* _DATA BLOCK_
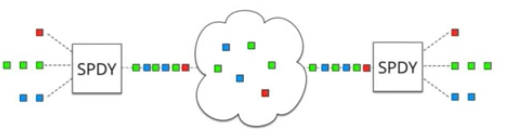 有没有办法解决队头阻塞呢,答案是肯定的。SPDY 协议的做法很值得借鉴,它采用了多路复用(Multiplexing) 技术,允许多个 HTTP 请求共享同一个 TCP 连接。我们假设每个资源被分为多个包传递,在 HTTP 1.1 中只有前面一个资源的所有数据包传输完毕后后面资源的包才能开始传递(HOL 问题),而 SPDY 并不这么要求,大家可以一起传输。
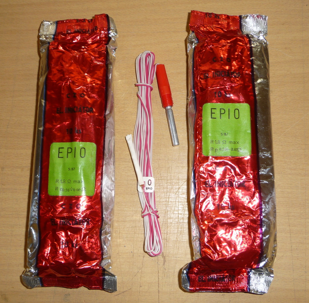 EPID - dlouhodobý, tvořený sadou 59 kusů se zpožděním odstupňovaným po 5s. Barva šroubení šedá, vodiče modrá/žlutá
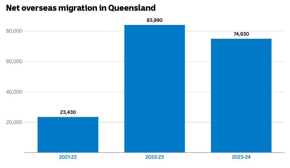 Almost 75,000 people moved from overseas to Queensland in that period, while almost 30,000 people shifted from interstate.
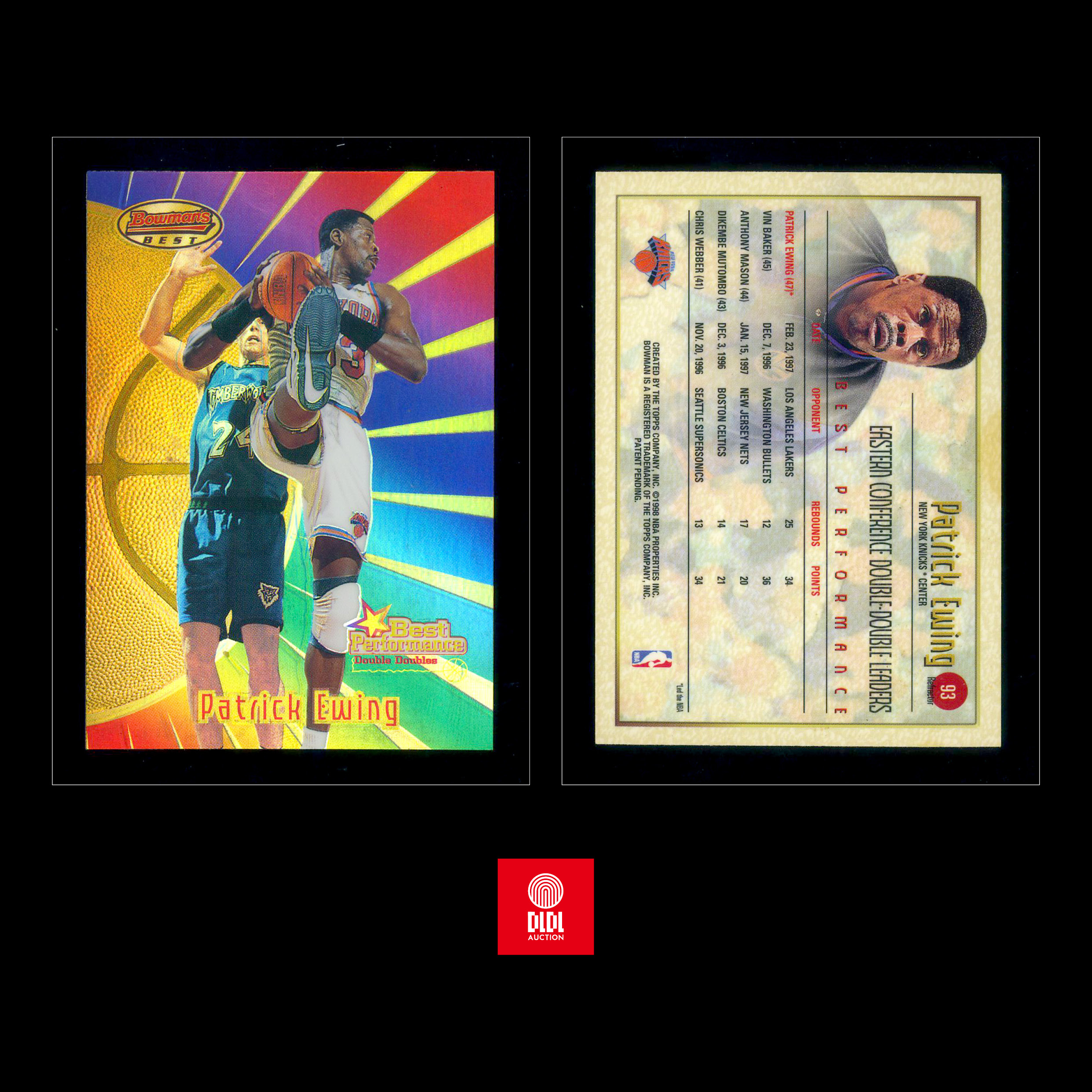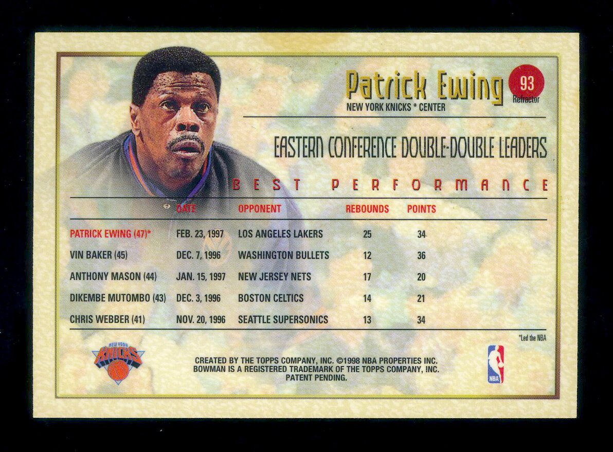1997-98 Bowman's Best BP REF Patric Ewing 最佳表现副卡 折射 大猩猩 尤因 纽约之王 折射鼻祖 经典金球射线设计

* _REQUIREMENT_
Repeat the lines exactly as they stand, from the opening line of the data through the line with "Almost 75,000 people". Pictures stay out of the copy.

* _RESULT BELOW_
 有没有办法解决队头阻塞呢,答案是肯定的。SPDY 协议的做法很值得借鉴,它采用了多路复用(Multiplexing) 技术,允许多个 HTTP 请求共享同一个 TCP 连接。我们假设每个资源被分为多个包传递,在 HTTP 1.1 中只有前面一个资源的所有数据包传输完毕后后面资源的包才能开始传递(HOL 问题),而 SPDY 并不这么要求,大家可以一起传输。
 EPID - dlouhodobý, tvořený sadou 59 kusů se zpožděním odstupňovaným po 5s. Barva šroubení šedá, vodiče modrá/žlutá
 Almost 75,000 people moved from overseas to Queensland in that period, while almost 30,000 people shifted from interstate.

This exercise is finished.